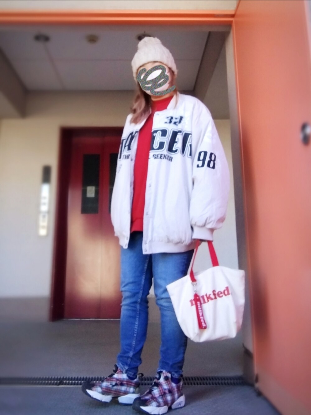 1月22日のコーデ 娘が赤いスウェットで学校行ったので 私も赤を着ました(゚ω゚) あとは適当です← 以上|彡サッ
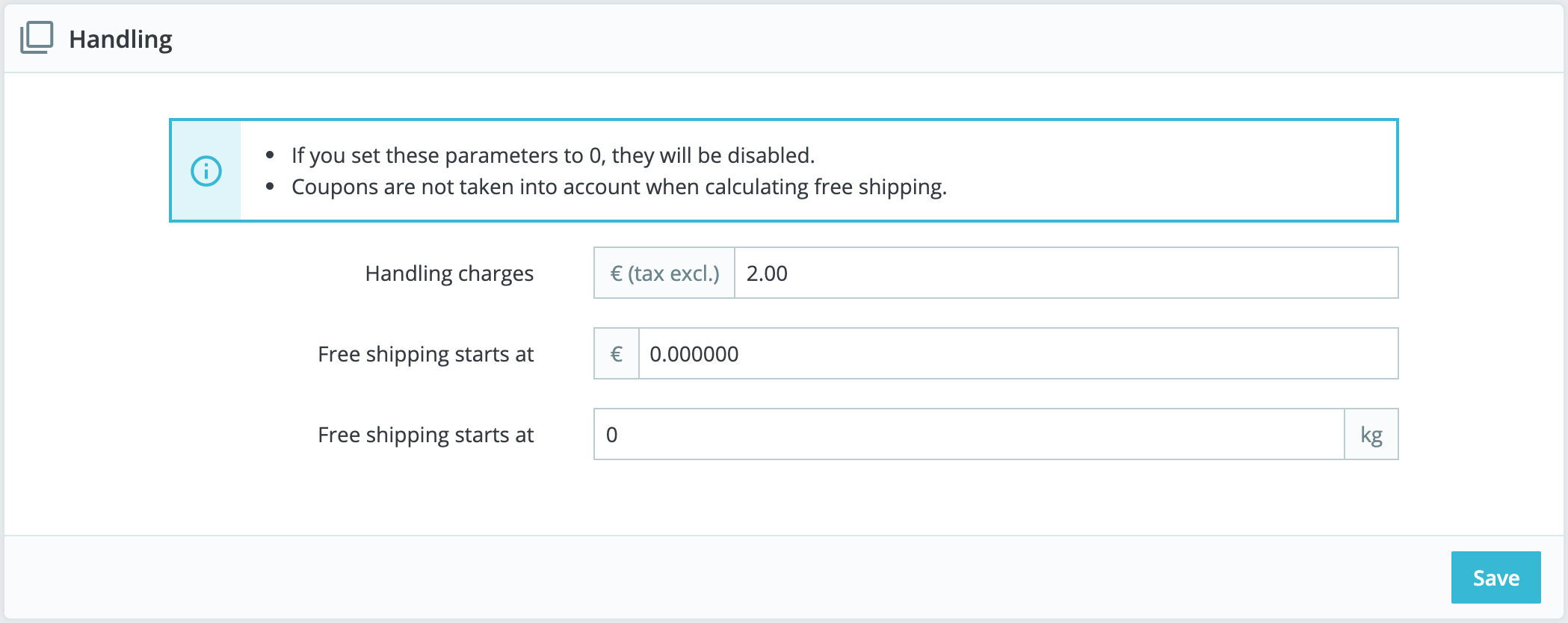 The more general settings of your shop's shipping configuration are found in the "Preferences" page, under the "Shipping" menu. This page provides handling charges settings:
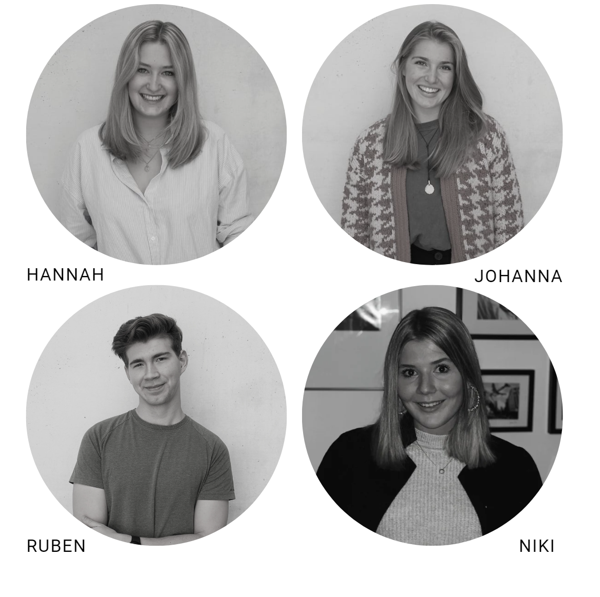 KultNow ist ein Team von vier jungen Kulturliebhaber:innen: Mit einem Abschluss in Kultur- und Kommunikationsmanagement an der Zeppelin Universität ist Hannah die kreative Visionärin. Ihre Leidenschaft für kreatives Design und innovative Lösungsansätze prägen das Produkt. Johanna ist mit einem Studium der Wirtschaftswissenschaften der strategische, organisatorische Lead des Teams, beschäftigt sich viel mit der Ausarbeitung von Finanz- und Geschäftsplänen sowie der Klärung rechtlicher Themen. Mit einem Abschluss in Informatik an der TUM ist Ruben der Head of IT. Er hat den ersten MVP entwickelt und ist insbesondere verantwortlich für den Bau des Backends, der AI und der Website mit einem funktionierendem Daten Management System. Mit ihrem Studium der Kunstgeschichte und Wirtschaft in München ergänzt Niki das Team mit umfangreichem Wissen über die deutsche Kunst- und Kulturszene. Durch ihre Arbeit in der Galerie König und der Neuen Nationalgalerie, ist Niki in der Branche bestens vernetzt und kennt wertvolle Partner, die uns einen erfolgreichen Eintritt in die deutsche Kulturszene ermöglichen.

━━━━━━━━━━━━━━━━━━━━

Brief:
Return the data word for word without its pictures.

Worked solution:
 1月22日のコーデ 娘が赤いスウェットで学校行ったので 私も赤を着ました(゚ω゚) あとは適当です← 以上|彡サッ
 The more general settings of your shop's shipping configuration are found in the "Preferences" page, under the "Shipping" menu. This page provides handling charges settings:
 KultNow ist ein Team von vier jungen Kulturliebhaber:innen: Mit einem Abschluss in Kultur- und Kommunikationsmanagement an der Zeppelin Universität ist Hannah die kreative Visionärin. Ihre Leidenschaft für kreatives Design und innovative Lösungsansätze prägen das Produkt. Johanna ist mit einem Studium der Wirtschaftswissenschaften der strategische, organisatorische Lead des Teams, beschäftigt sich viel mit der Ausarbeitung von Finanz- und Geschäftsplänen sowie der Klärung rechtlicher Themen. Mit einem Abschluss in Informatik an der TUM ist Ruben der Head of IT. Er hat den ersten MVP entwickelt und ist insbesondere verantwortlich für den Bau des Backends, der AI und der Website mit einem funktionierendem Daten Management System. Mit ihrem Studium der Kunstgeschichte und Wirtschaft in München ergänzt Niki das Team mit umfangreichem Wissen über die deutsche Kunst- und Kulturszene. Durch ihre Arbeit in der Galerie König und der Neuen Nationalgalerie, ist Niki in der Branche bestens vernetzt und kennt wertvolle Partner, die uns einen erfolgreichen Eintritt in die deutsche Kulturszene ermöglichen.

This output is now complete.